From the first line of the data below through the line holding "Výsuv AXISPRO sklené bočnice 400 C antracit", output each line exactly and leave the pictures out.

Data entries
·····

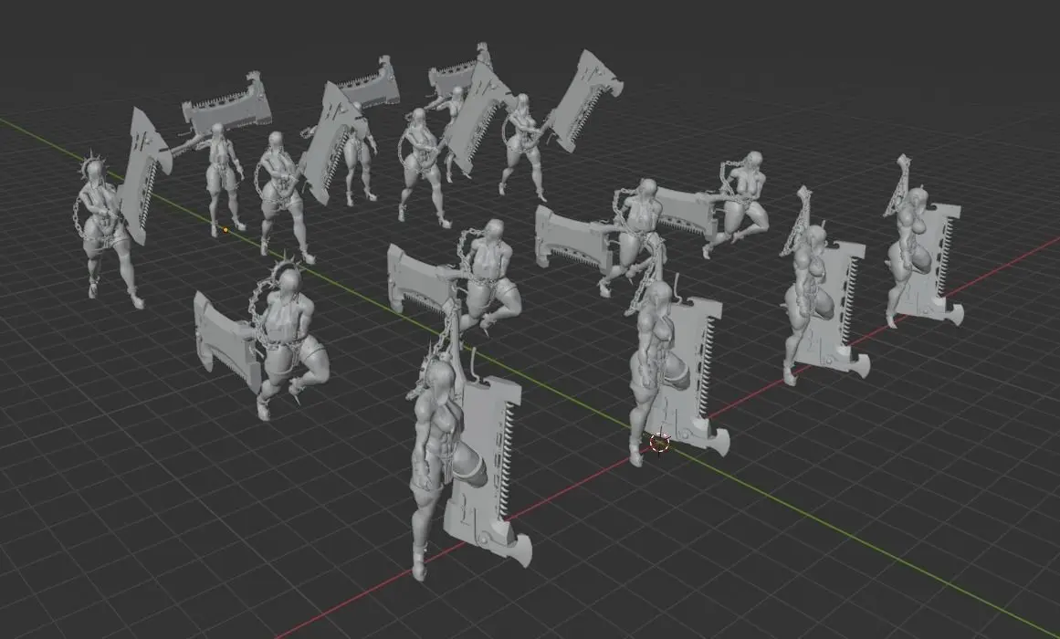 Saw this awesome chaos repentia art by Feuro Art and it inspired me to make something similar. I'm a loyalist myself however, so I didn't give as much chaos flare. 4 poses, and 4 armor configurations. their bodies stand about 40mm tall and will fit on as small as a 28mm base.
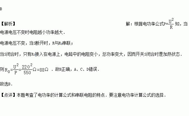 A.加热,220Ω B.加热,88Ω C.保温,88Ω D.保温,220Ω
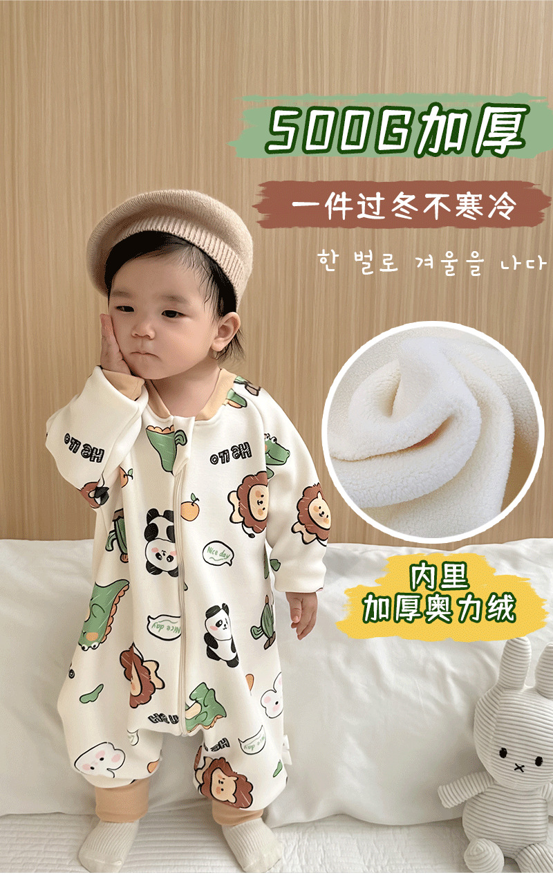 새로운 아기 기모 침낭 아기 가을과 겨울 스타일 줄 지어 벨벳 잠옷 어린이 겨울 킥 방지 따뜻한 가정 옷
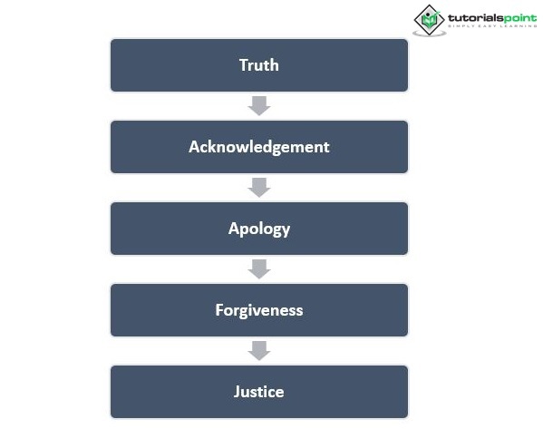 承認 - 肇事方必須真誠地向受害者承認他們對所造成傷害的責任或他們在痛苦複雜根源中的作用。除了對傷害的可驗證資料之外,承認還必須解決傷害的情感意義。強調這種承認對受害者來說有多麼重要是很難的。這是因為他們的悲傷得到了認可。有人承認了它。
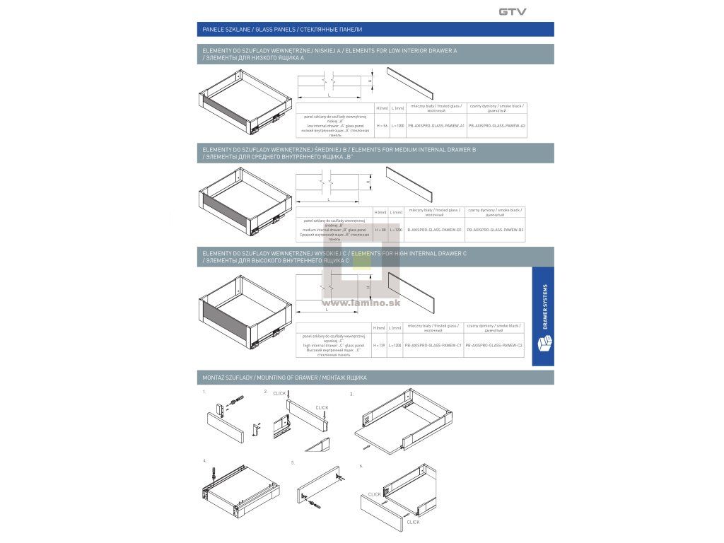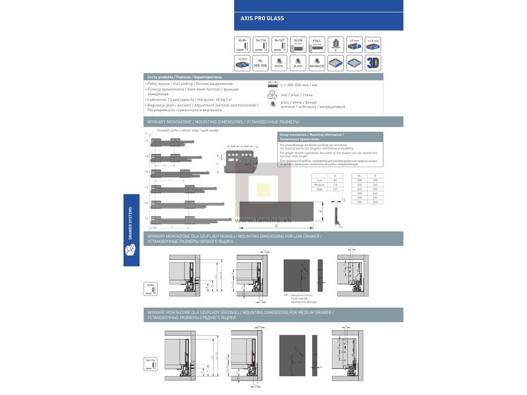 Výsuv AXISPRO sklené bočnice 400 C antracit
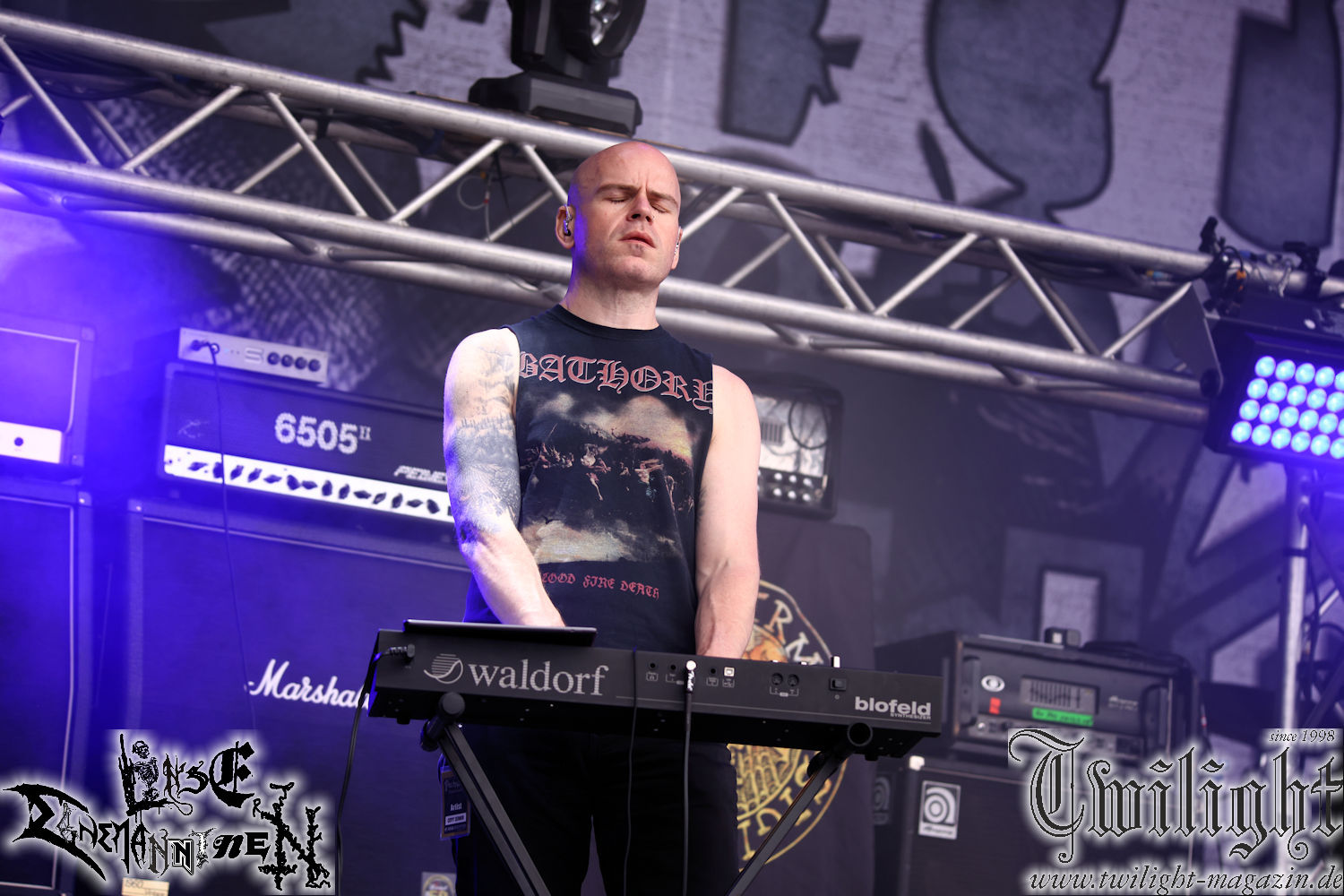 Während sich die Blockheads anschicken, nach dem old-schooligem Death Metal von Scalpture mit klassischem Hochgeschwindigkeits-Deathgrind noch eine Kohlenschippe draufzulegen, versacke ich bei den Kollegen und Freunden von Maere im Camp und komme erst nach Necrowretch zu Schizophrenia wieder auf´s Gelände. Die belgischen Death-Thrasher haben sich in den letzten Jahren zu einer heftigen Live-Institution gewandelt, wobei mir das Quartett auf Konserve oft zu hektisch agiert. Ich hoffe mal, dass es Schizophrenia gelingt, ihre Haupteinflüsse zwischen Slayer und Morbid Angel auf dem Nachfolger des 2022er-Debuts "Recollections Of The Insane" besser zum verschmelzen. Nach der optischen Zeitreise in die späten Achtziger kommen Analepsy zwar nicht weniger brutal, aber bei weitem nicht so mitreißend daher. Zumindest, wenn man mit dem (technisch zwar versierten – Anm. d. Verf.) "stumpfen" Slam-Death-Geprügel der Portugiesen im Speziellen, wie musikalisch im Allgemeinen fremdelt. Ereb Altor holen mich da schon mehr ab. Die Schweden ehren seit mehr als 20 Jahren das episch-metallische Erbe von Quorthon und haben sich dabei mit inzwischen zehn Longplayern längst vom Vorbild Bathory emanzipiert. Obwohl ich bis heute kein einziges Album von Ereb Altor besitzte, kann ich den Status der Band nachvollziehen. Denn besser kann man epischen Viking-Metal kaum zelebrieren, ohne in Fremdscham-Klischees abzudriften. (JD)
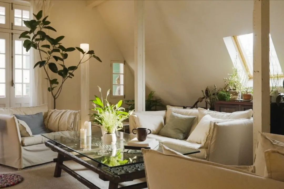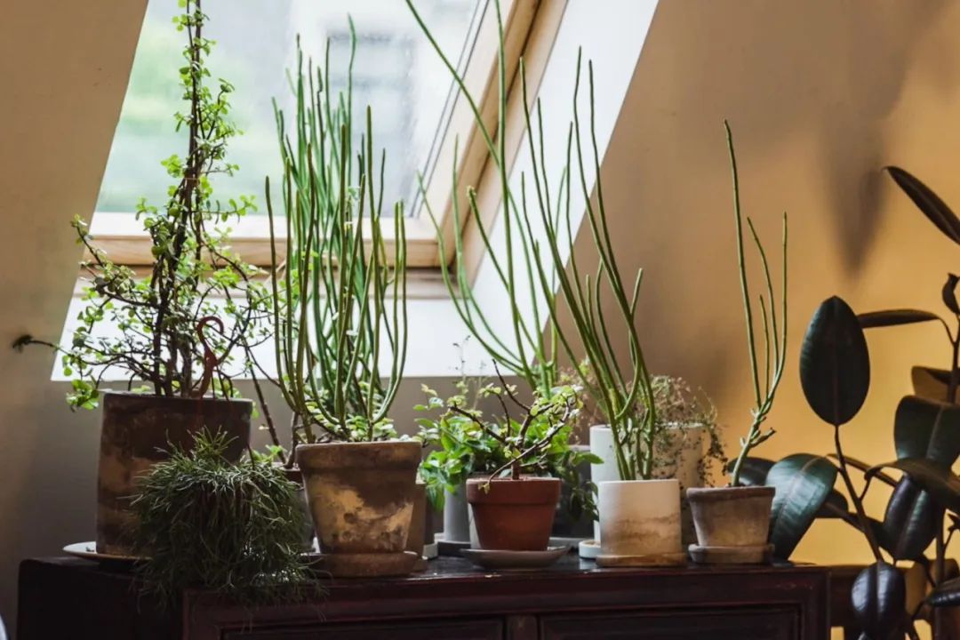 客厅斜屋顶有一个小天窗,我们则布置了适合直晒的线型的多肉,它们再茂盛,也不会堵住采光,小小一桌聚在那里,也有它们的气质。
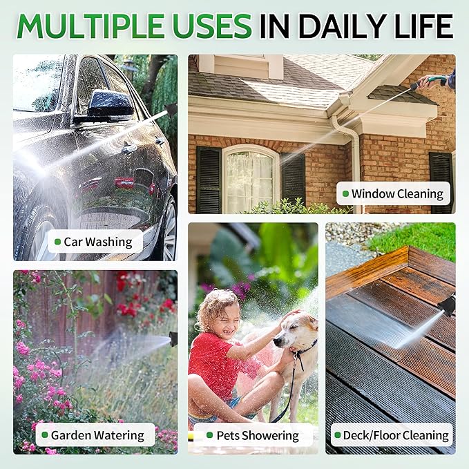 - Versatile Applications: Our garden spray nozzle is perfect for a wide range of tasks, including watering flowers, washing cars, cleaning windows, and giving pets a bath—even horses! The jet mode effortlessly blasts away stubborn dirt, while the gentle shower mode is ideal for tender blooms in your garden. Whether at home, on the lawn, or in the garage, this nozzle is your trusted multi-functional tool.

·····

RESULT OF THE EXERCISE:
 Saw this awesome chaos repentia art by Feuro Art and it inspired me to make something similar. I'm a loyalist myself however, so I didn't give as much chaos flare. 4 poses, and 4 armor configurations. their bodies stand about 40mm tall and will fit on as small as a 28mm base.
 A.加热,220Ω B.加热,88Ω C.保温,88Ω D.保温,220Ω
 새로운 아기 기모 침낭 아기 가을과 겨울 스타일 줄 지어 벨벳 잠옷 어린이 겨울 킥 방지 따뜻한 가정 옷
 承認 - 肇事方必須真誠地向受害者承認他們對所造成傷害的責任或他們在痛苦複雜根源中的作用。除了對傷害的可驗證資料之外,承認還必須解決傷害的情感意義。強調這種承認對受害者來說有多麼重要是很難的。這是因為他們的悲傷得到了認可。有人承認了它。
 Výsuv AXISPRO sklené bočnice 400 C antracit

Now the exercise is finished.